▶ **Work request**
After the line containing "精英配件:高等级坦克有两个普通配件,需要精英配件图纸和银币升级。", copy nothing more; up to and including it, copy every line of the listing exactly from the first, leaving out the pictures.

▶ **Data extract**

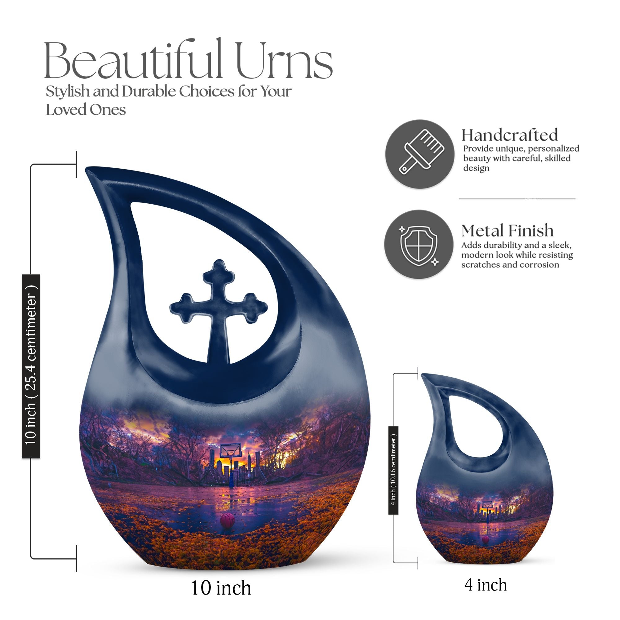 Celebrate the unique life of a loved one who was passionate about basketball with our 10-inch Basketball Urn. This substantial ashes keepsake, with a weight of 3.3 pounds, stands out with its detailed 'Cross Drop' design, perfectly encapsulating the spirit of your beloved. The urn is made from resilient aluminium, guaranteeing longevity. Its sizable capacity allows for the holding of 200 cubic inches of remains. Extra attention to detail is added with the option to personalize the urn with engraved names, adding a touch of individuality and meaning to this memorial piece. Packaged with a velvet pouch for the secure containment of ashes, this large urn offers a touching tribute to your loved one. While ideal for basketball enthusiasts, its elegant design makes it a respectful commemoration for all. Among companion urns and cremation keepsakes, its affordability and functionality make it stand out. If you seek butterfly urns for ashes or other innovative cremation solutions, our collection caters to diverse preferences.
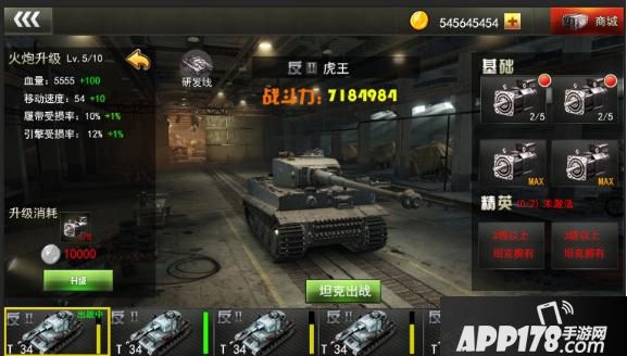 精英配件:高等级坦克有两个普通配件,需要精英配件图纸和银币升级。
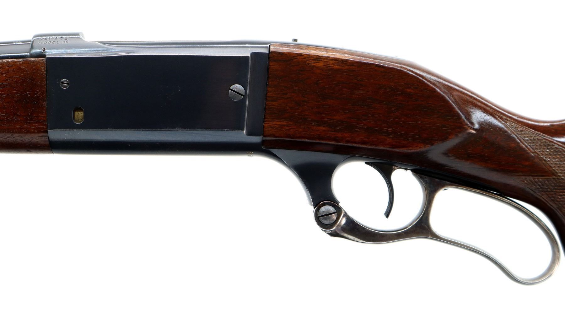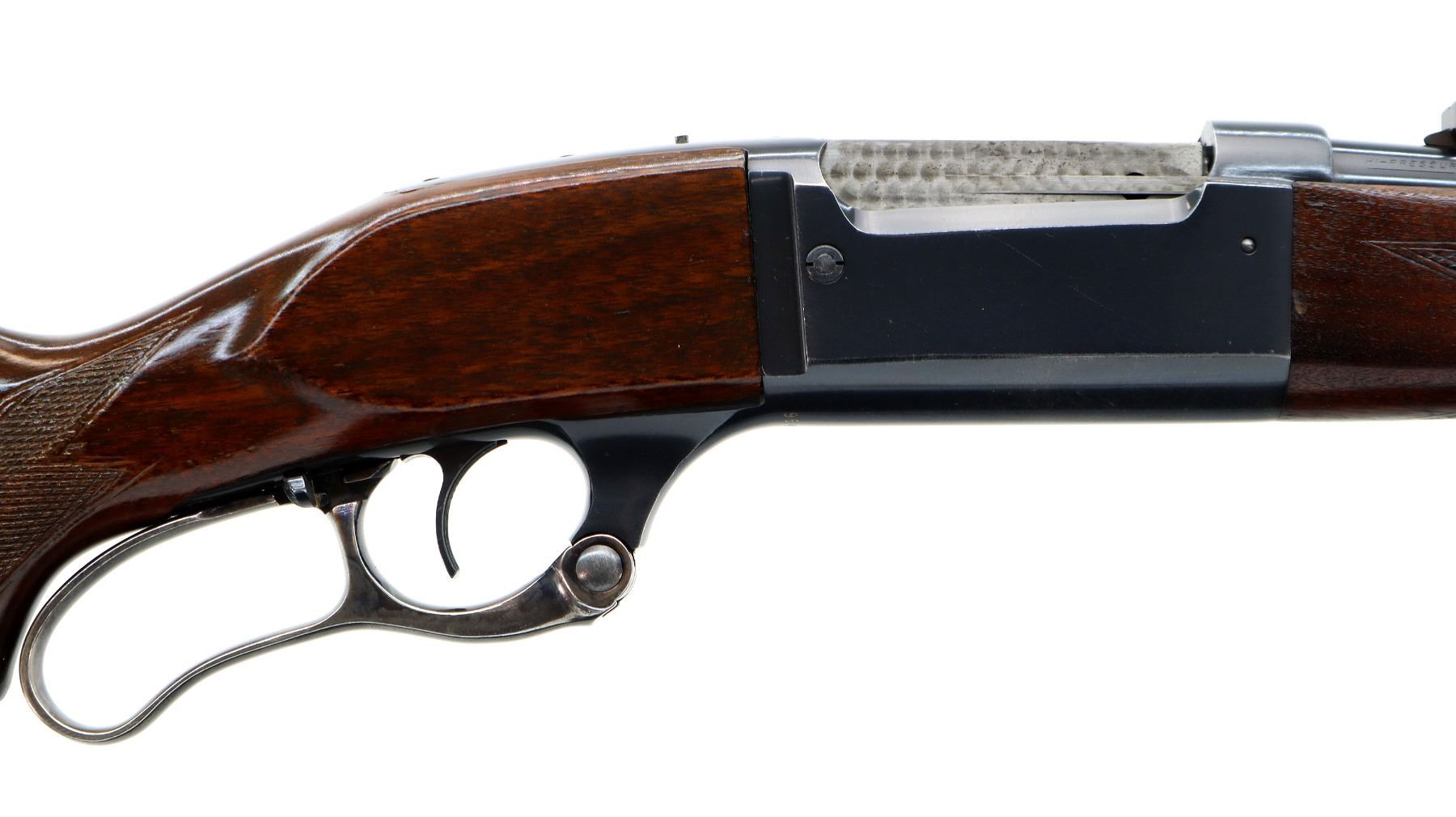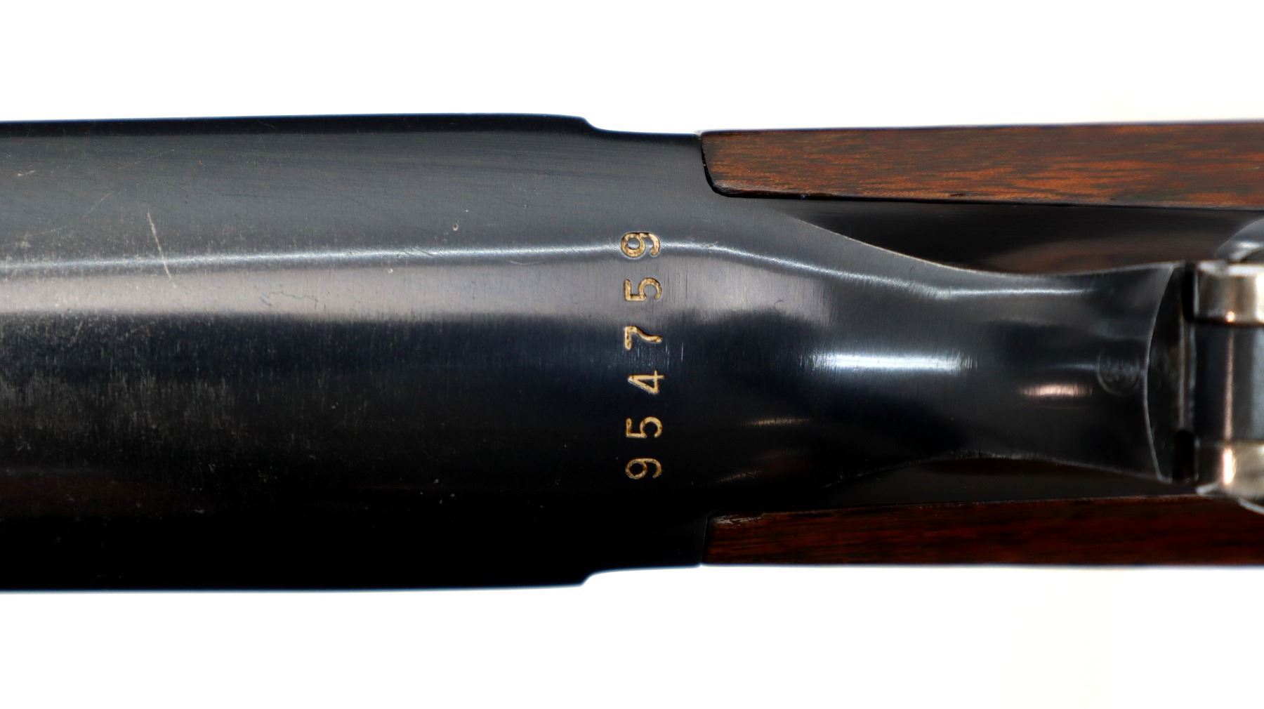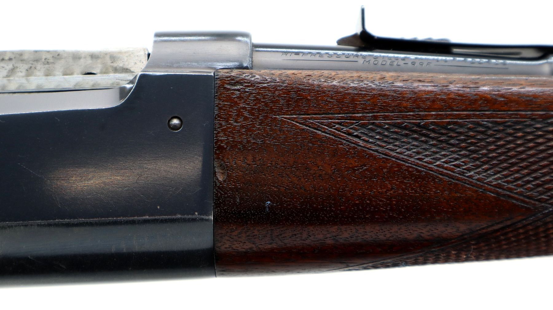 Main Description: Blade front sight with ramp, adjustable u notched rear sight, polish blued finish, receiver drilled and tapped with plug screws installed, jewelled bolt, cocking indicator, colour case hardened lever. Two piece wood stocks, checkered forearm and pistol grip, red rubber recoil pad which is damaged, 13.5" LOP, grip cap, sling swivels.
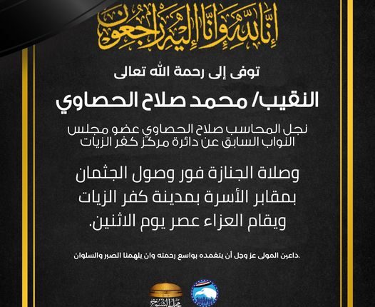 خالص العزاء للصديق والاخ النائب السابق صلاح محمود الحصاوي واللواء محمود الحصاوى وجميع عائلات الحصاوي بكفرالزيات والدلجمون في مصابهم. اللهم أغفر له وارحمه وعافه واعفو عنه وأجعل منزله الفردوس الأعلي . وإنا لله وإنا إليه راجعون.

▶ **Task output**
 Celebrate the unique life of a loved one who was passionate about basketball with our 10-inch Basketball Urn. This substantial ashes keepsake, with a weight of 3.3 pounds, stands out with its detailed 'Cross Drop' design, perfectly encapsulating the spirit of your beloved. The urn is made from resilient aluminium, guaranteeing longevity. Its sizable capacity allows for the holding of 200 cubic inches of remains. Extra attention to detail is added with the option to personalize the urn with engraved names, adding a touch of individuality and meaning to this memorial piece. Packaged with a velvet pouch for the secure containment of ashes, this large urn offers a touching tribute to your loved one. While ideal for basketball enthusiasts, its elegant design makes it a respectful commemoration for all. Among companion urns and cremation keepsakes, its affordability and functionality make it stand out. If you seek butterfly urns for ashes or other innovative cremation solutions, our collection caters to diverse preferences.
 精英配件:高等级坦克有两个普通配件,需要精英配件图纸和银币升级。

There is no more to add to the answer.